Keep these things in mind whenever anyone shows you a photograph of the horizon and says "It looks flat to me." Also keep it in mind when someone shows you photo with a curved horizon. Without some data to go with that horizon, you have no way to judge.

But, come on, from 1000 feet up in the air, or 20.000 feet, or 50.000 feet, every photograph of the horizon should show a curve, right? Well, maybe. Or maybe not. It's not about how high you are; it's about how much of the horizon you are able to see.

Not that altitude has nothing to do with it, but when you consider how small even miles of altitude is compared with the circumference of the Earth, the main contribution of altitude is to increase the distance to the horizon, and increase the amount of horizon you can see.

Let's take one of the flat-Earthers' current favorite pictures. This was shot from a captured V2 rocket launched by the US military in 1946:


Okay, the horizon looks pretty flat. Or maybe it looks a little curved. Frankly it's kind of hard to tell. But the flat-Earthers say that, since it was taken from an altitude of 65 miles, it should have a very distinct curve.  Let's see if that's actually true. For that we need some facts, and we really only have a few.

We know 65 miles, and we know that the photos were taken with a 35mm motion picture camera, which means that the frame was 24mm across. But we don't know the focal length of the lens.

I've seen a version of this picture with overlays by flat-Earthers that claim that the width of the horizon is 720 miles, but in fact, as far as I know, there is no data to support this. The distance to the horizon is 720 miles, and I think that's where the confusion comes in.

In order for the horizon to be about that wide, the camera would have to have been equipped with a 28mm lens. That's not completely out of line, so let's go with that.

So, here I am, taking the flat-Earthers at their word, and admitting the the horizon doesn't look all that curved. Am I giving in? No, I'm just investigating. Let's take a look at how curved a 720-mile horizon would look.

What portion of the 25,000-mile circumference of the Earth is 720 miles? About 2.88 percent of the total. That's a circular section less of less than 11 degrees. So how curved should 11 degrees out of a circle look?

From a mathematical perspective, the difference between the center of the arc and the edges will be 2.75 percent of the width of the horizon.
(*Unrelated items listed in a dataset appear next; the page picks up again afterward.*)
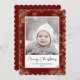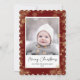 Envoyez des salutations de vacances personnalisables et personnalisées à vos amis, vos collègues et votre famille en cartes photos simples, minimalistes, élégants, amusants, festifs et modernes ! Un beau cadre de variété de flocons d'hiver dorés sur un arrière - plan rouge marron entoure votre photo sur papier rond de coquille Saint-Jacques. Le message de bienvenue "Joyeux Noël" est écrit en calligraphie élégante, et ci-dessous présente votre message de bienvenue personnalisé de votre nom de famille dans la typographie moderne. Reverse pour révéler une belle les flocons de neige d'hiver d'or complet sur l'arrière - plan motif rouge marron.
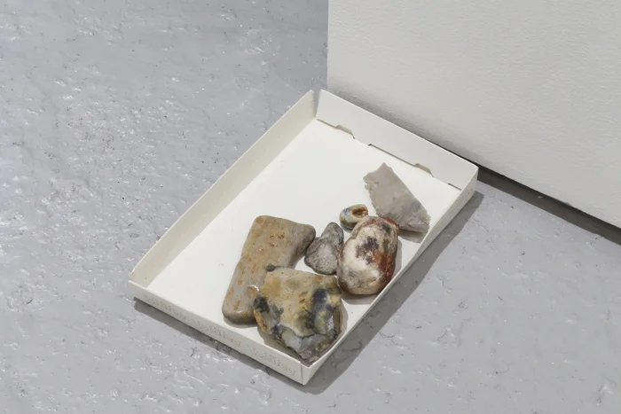 Found stones and cardboard
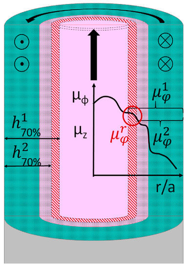 Varying the frequency, the changes in 70% and corresponding can be obtained. As measured is an average value of permeability over the layer with thickness 70%, knowing the array of corresponding to different 70%, one can reconstruct the radial dependence of permeability , as depicted in Figure 3.
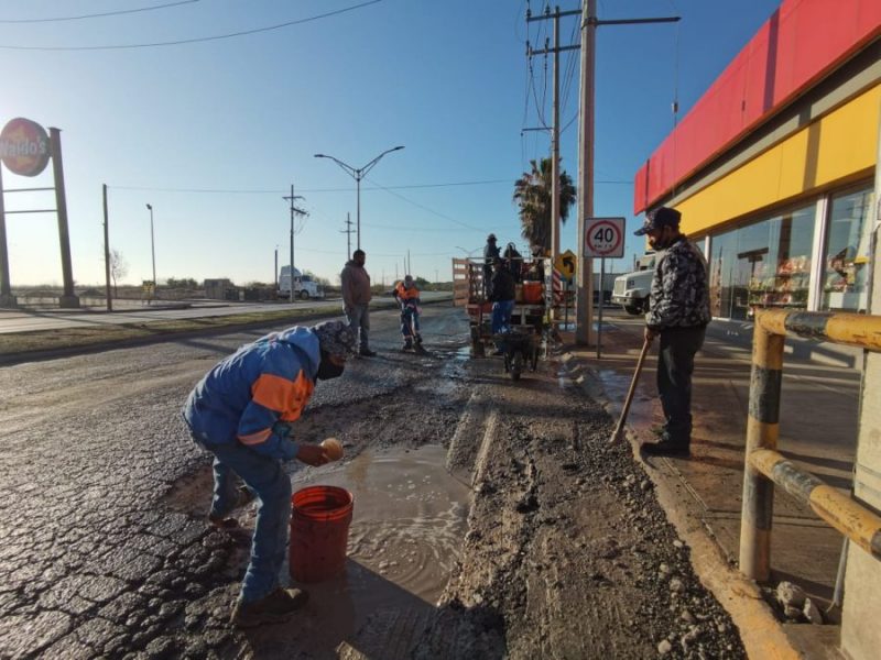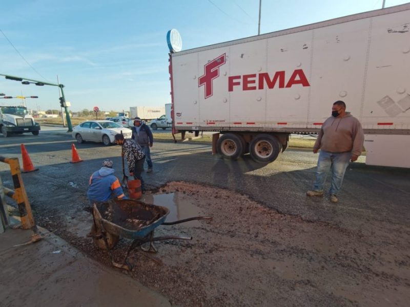 Juan José García Robles, coordinador de la Jefatura de Bacheo, expresó que el mal estado de esa vialidad se debe a la desviación que se hizo de tráileres que necesitan cruzar de Carretera Aeropuerto a Reforma o Carretera Nacional, por la construcción del puente vehicular que se realiza en Aeropuerto y Monterrey.
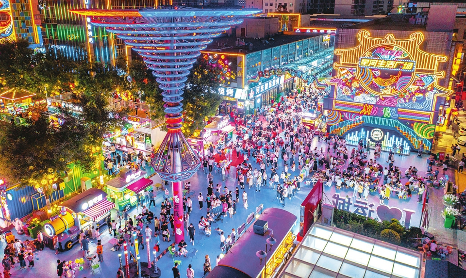 6月11日晚,市民在運城市鹽湖區(qū)星河生活廣場消夏。鹽湖區(qū)升級改造后的星河生活廣場燈光璀璨、人流如織,人們紛紛前來打卡、購物消費。

That's a small number. But can we visualize this? Well, I'm willing to give it a try.

Using an online graphing calculator, I created a circle and a 11-degree angle. I zoomed in until that section of the arc filled most of the screen, and then I cropped it down to just that portion. Here's what it looked like:


Admittedly, more curvy than the picture, but not that much, and as I said, I don't really know how much of the horizon the photo shows.

And then there's this: 


Now, that looks pretty curved. Same mission, same rocket, same camera, same lens. What's going on? I can't be sure, because I don't have all the data, and unlike many flat-Earthers, I'm not willing to say that I know for certain what's happening. But I have my suspicions.

For one thing, the first picture is far grainier than the second, even though they are taken from the same roll of 35mm film. That makes me think that the first one is rather severely cropped. But it could just be the way the print was made.

The practical upshot is that the Earth is a big place. Assuming a sphere, you have to get pretty far up to see the curvature with your wide-field eyes, and really, really far up to see it with a relatively narrow-field camera lens. You can use a very wide lens, of course, but then the distortion caused by projecting the image of a spherical lens onto a flat sensor will make the curves appear in all the wrong places.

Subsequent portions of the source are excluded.